In a way, the Shreveport collective known as Seratones have had a similar effect to the chemical they’re nearly named after (serotonin): They brighten one’s disposition, increase arousal, and even heal wounds. With two varied full-length albums (2016’s Get Gone and 2019’s Power), the band’s eclectic musical interests and AJ Haynes’ powerhouse vocal have set the stage for the band’s most mature release to date in 2022’s Love & Algorhythms.
This time around, Seratones’ effects might be the same but it requires a bit more work from the listener to get there. The band’s third long-player is a challenging listen in more ways than one, a sign that the band respects the listener more than ever, trusting them to engage with and respond to the music and all it represents.
Joy and love and healing are all still very central to Haynes and company on Love & Algorhythms, but they’re interested in the hard-fought versions of these things. Note that it’s not happiness but joy, not escapism but healing. Past albums might have provided more of the former, but Haynes asks tough questions of her audience on L&A and the invitation isn’t always easy to take.
For one, Love & Algorhythms is an album steeped in Blackness. From its sub-Saharan cross-beats to its Donna Summer vibe to its Black gospel harmonies, the (exciting) musical references are only part of the equation. Haynes also cites Audre Lorde, James Baldwin, and Octavia Butler as lyrical influences, and they come together in powerful questions and personal challenges on songs like “Dark Matter” and “Two of a Kind” and “Get Free.”
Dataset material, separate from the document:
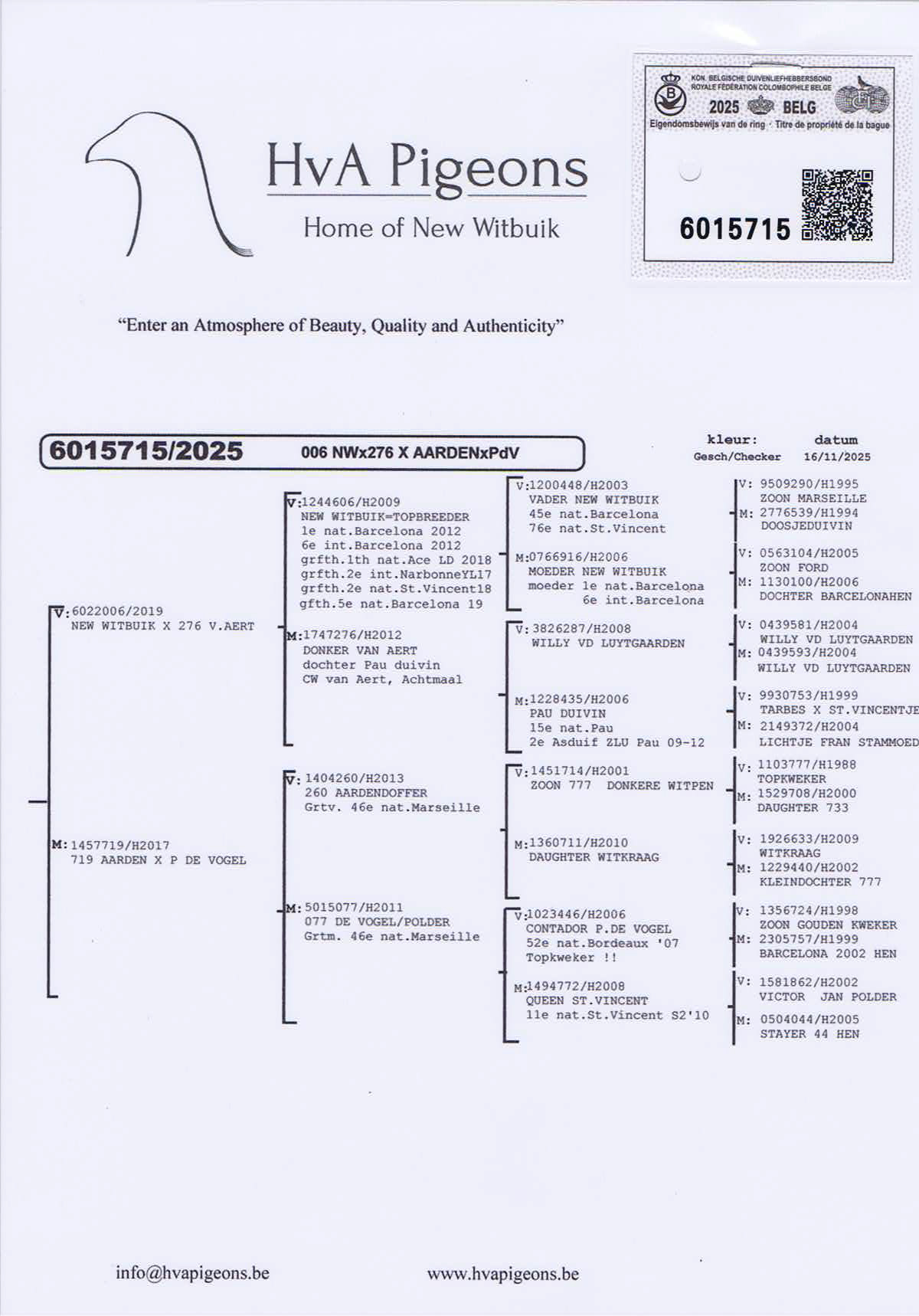 Father from “New Witbuik x 276 van Aert-duivin”
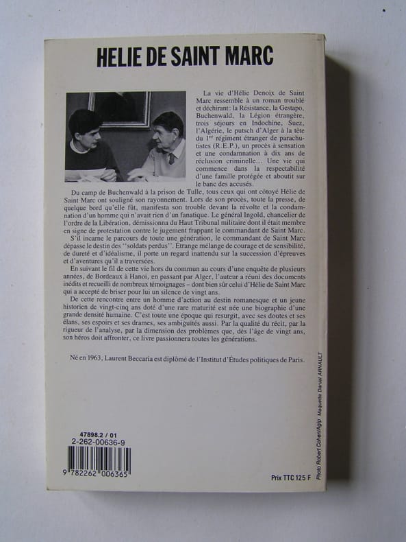 ˮMonsieur le président, depuis mon âge d'homme, j'ai vécu pas mal d'épreuve...ˮ. Le livre qui a mis en lumière la vie exceptionnelle d'un homme d'exception et, avec lui, ses compagnons de combats, connus et inconnus, ainsi que les évènements auxquels ils ont participé (les abandons de l'Indochine et de l'Algérie). Après avoir remporté un grand succès, mérité, de son vivant, il ne faufrait pas que la vie exemplaire du commandant Hélie Denoix de Saint Marc tombe dans l'oubli avec son décès. Il demeure un exemple pour la jeunesse de France dans les moments difficiles qui risquent d'être les siens.

“All skin folk ain’t kinfolk,” sings Haynes on “Get Free,” perhaps the best example of all these elements swirling together. The end result is a thrilling psychedelic trip through Seratones’ present interests with scuzzy guitar and a hypnotic pocket carrying the pointed inquiry, “If this is life, how can we get free?” The challenge here is also issued, “I ain’t here to teach what you ain’t ready for.” But as Jesus once said, “For those with ears to hear … ,” there’s a way to consider such heaviness in the midst of such an exhilarating three-minute number.
These steps forward for Seratones are heartening to see, a band continuing to challenge itself even as their platform grows larger. The beautiful “Evidence” is the most vulnerable moment on Love & Algorhythms, as Haynes reads a one-minute “poem interlude” that separates the album’s halves. There are myriad excuses to hide such a moment at the end of an album’s sequence or cut it entirely, but the creative confidence to place it at the LP’s center gives it considerable gravity — as if it wasn’t already such an affecting refrain.